Lilia Shevtsova : Cette idéologie est éclectique : c’est une somme de stéréotypes et de
dogmes qui ne se marient pas nécessairement bien entre eux. Poutine essaie par exemple
de combiner l’idée eurasienne avec celle du monde russe, alors que ce sont des idées totale-
ment opposées. L’eurasisme est une variante de l’idée impériale russe, c’est le fondement
d’une union eurasienne en tant que glacis russe, alors que l’idée du monde russe, c’est la
défense des Russes ethniques où qu’ils soient. Cette dernière sape l’eurasisme. Le président
kazakh Nazarbaev a déjà perçu cette menace et cherche les moyens de s’éloigner de la
Russie. Car l’idée du monde russe s’appuie sur le nationalisme russe, incompatible avec
l’eurasisme.
Actuellement, on voit que l’idée russe n’est utilisée que pour justifier la guerre dans le
Donbass et la soi-disant «Novorossiïa», mais on en parle relativement peu à la télévision
russe. Par contre, on y met en avant les idées eurasiennes pour calmer Nazarbaev, les
Tchétchènes, et les autres peuples de la Fédération de Russie.

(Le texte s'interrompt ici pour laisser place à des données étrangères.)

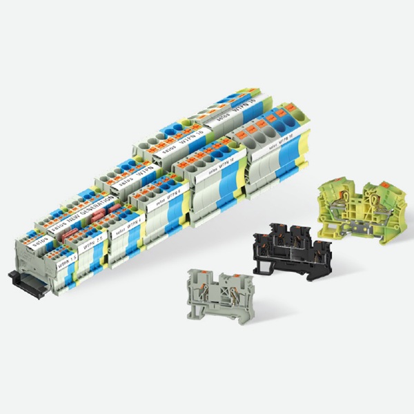 ¡Cableado sin esfuerzo y sin herramientas! La gama de bornes WIELAND destaca por su tecnología de conexión Push-In para un montaje de cables rápido y sin herramientas. Los conductores rígidos o con puntera se pueden insertar directamente sin herramientas. Para reducir aún más el tiempo de instalación, la serie ofrece puentes enchufables, marcadores de tira continua, software de diseño, sistemas de etiquetado y mucho más.
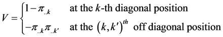 Since the matrix V is nonsingular, by generating the matrix of contrasts, say B and pre- and post-multiplying each of them by B and B transpose, V can be made non-singular.
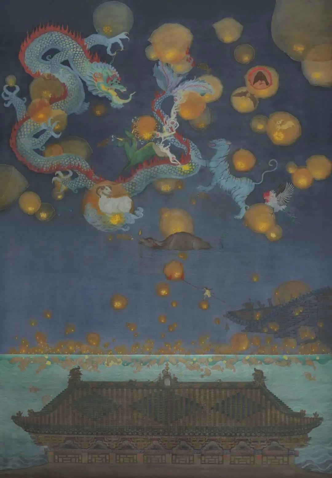 作品名称:《夜游记》指导老师:焦洋、徐华翎、金瑞、张猛作品尺寸:161cm*210cm作品材料:绢本设色 综合材料
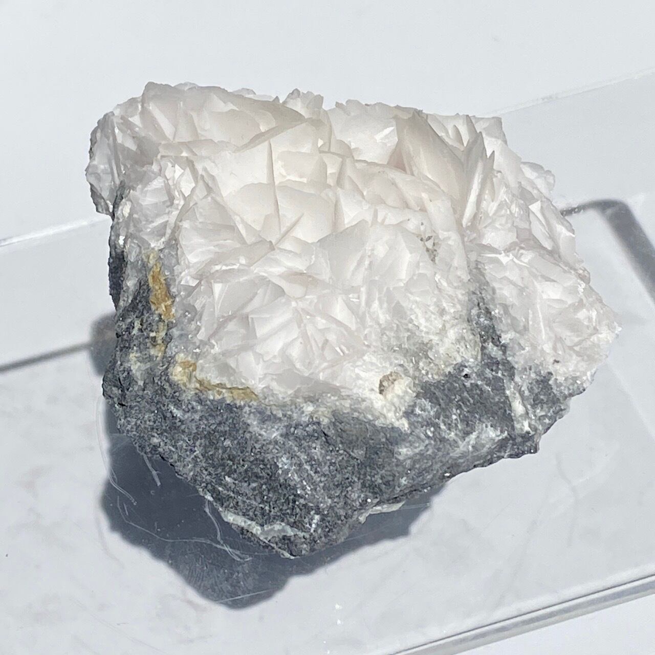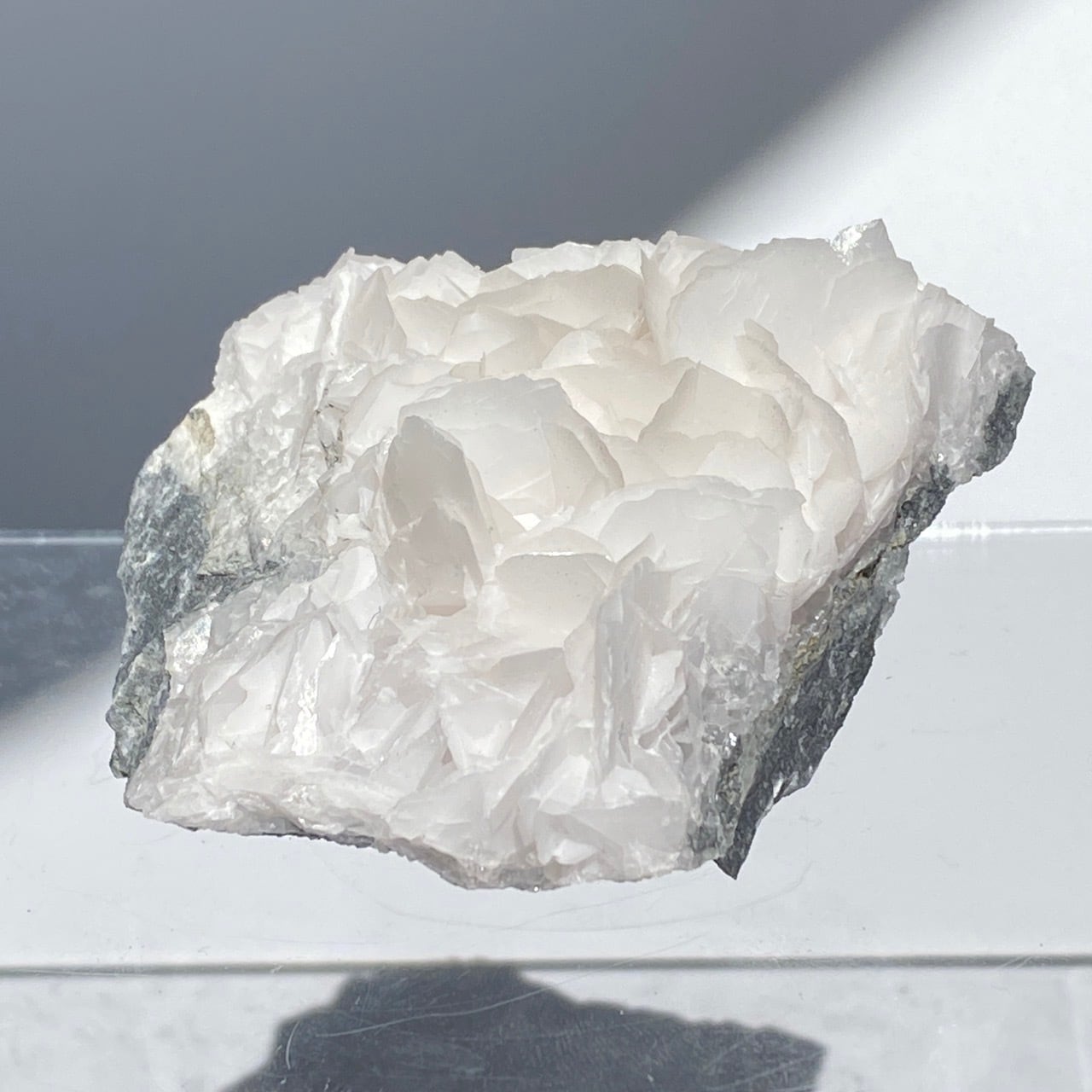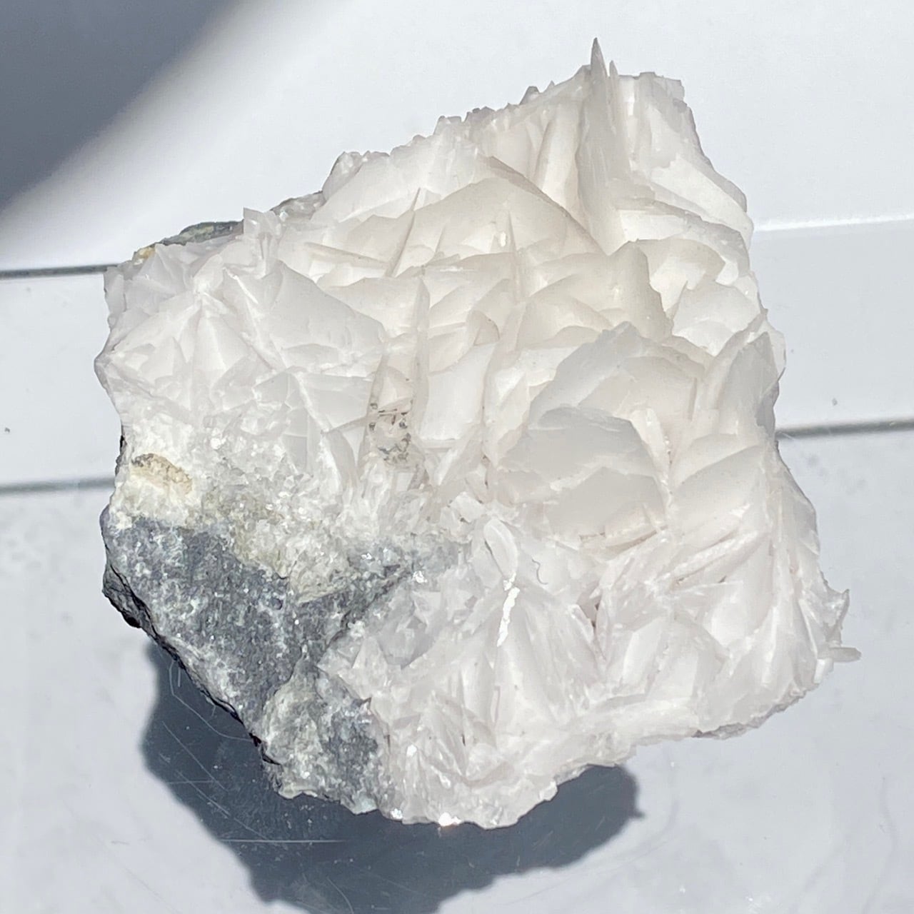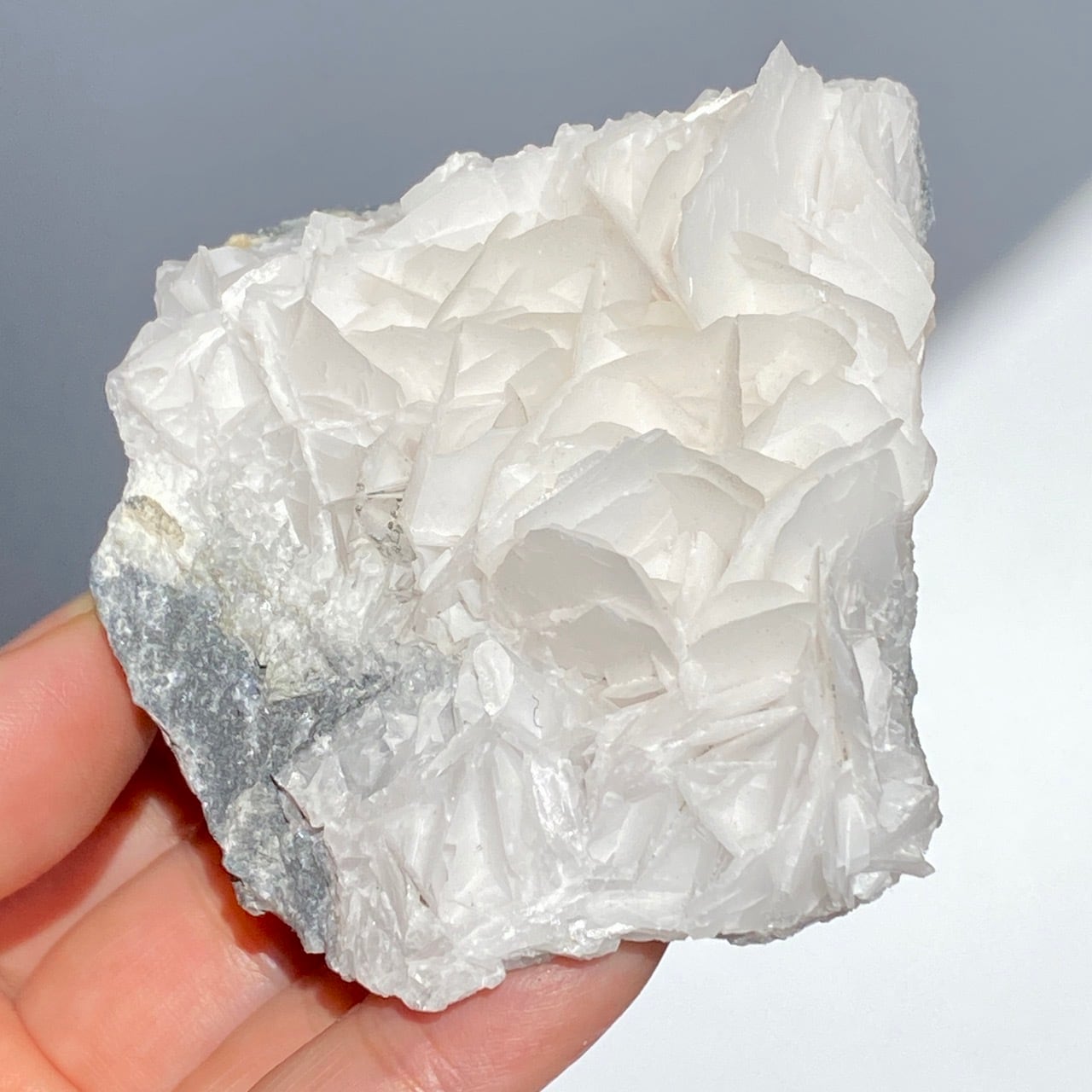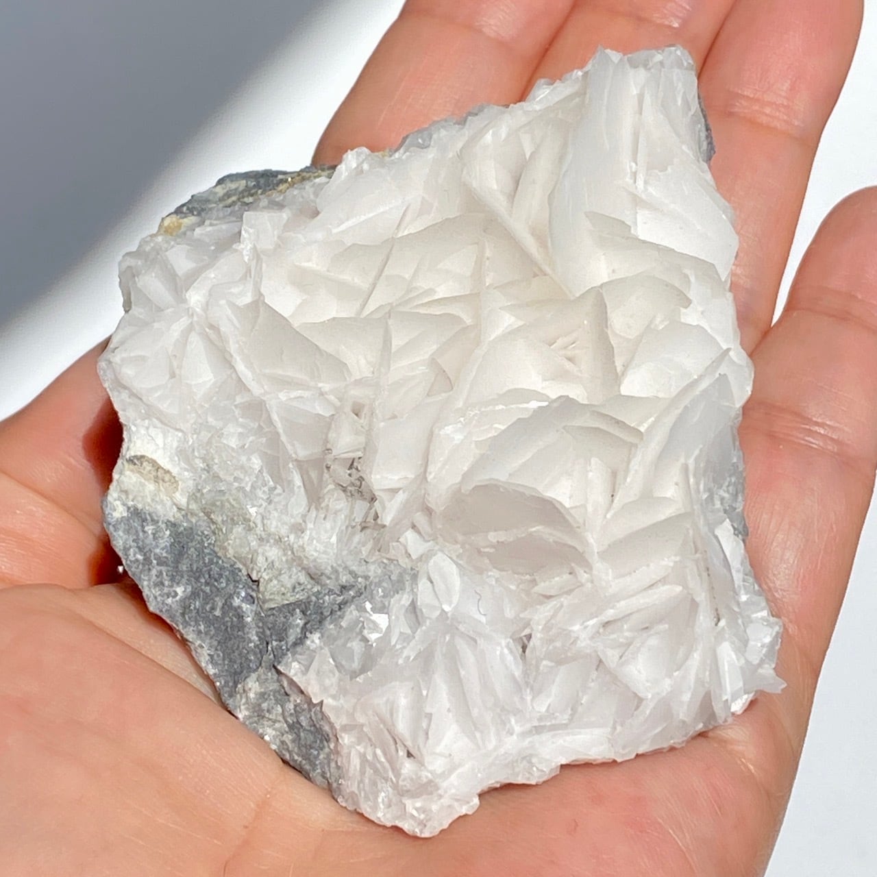 花びらような結晶が交差して形成されており、デザートローズとは異なる純白の美しさがあります。母岩部分とのコントラストも魅力的です。

Ce même éclectisme règne dans les relations de la Russie avec l’Occident. D’une part, nous
organisons des forums économiques pour attirer les investissements étrangers et, d’autre
part, nous adoptons des lois anti-occidentales et utilisons la rhétorique anti-occidentale.
Bref, Poutine veut tout simplement préserver son pouvoir à tout prix et, pour cela, il utilise
aujourd’hui tout ce qui lui semble nécessaire.